One module per bounded responsibility
Each pipeline stage or domain concern lives as an isolated module with its own DTOs, services, and queue. In the AdShort AI backend, prompt generation, media synthesis, translation, and publishing were each their own module. A bad render can't poison the publish step, and you can scale the slow stage independently.
The boundary is the feature, not the technical layer. Resist the urge to have a giant 'services' folder — colocate everything a feature needs and the codebase stays navigable as it grows.
Make dependency direction explicit
Modules should depend inward toward shared domain primitives, never sideways into each other's internals. When two feature modules need to talk, they do it through a well-defined interface or an event — not by reaching into the other's services.
This is the rule that keeps a team change survivable. A new engineer can understand one module in isolation because its dependencies are declared, not discovered.
DTOs and validation at the edge
Every inbound request is validated against a DTO before it reaches business logic. The controller's job is to validate and delegate; the service's job is the actual work. Keeping validation at the edge means the core never has to defend against malformed input.

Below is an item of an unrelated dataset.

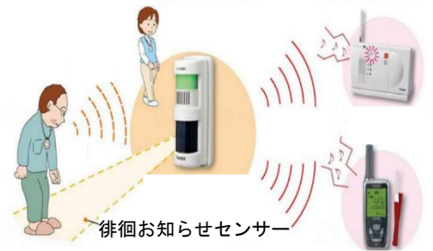
徘徊お知らせセンサー

The small conventions compound
Consistent file naming, one export per file where it makes sense, and a predictable folder shape per module sound trivial. They're what let someone open a module they've never seen and know where everything is. Consistency is a feature.
Takeaways
- Organize modules around bounded responsibilities, not technical layers.
- Keep dependencies pointing inward; modules communicate through interfaces or events, never internals.
- Validate every request against a DTO at the controller edge so the core stays clean.
- Boring, consistent conventions are what make a codebase survive a team change.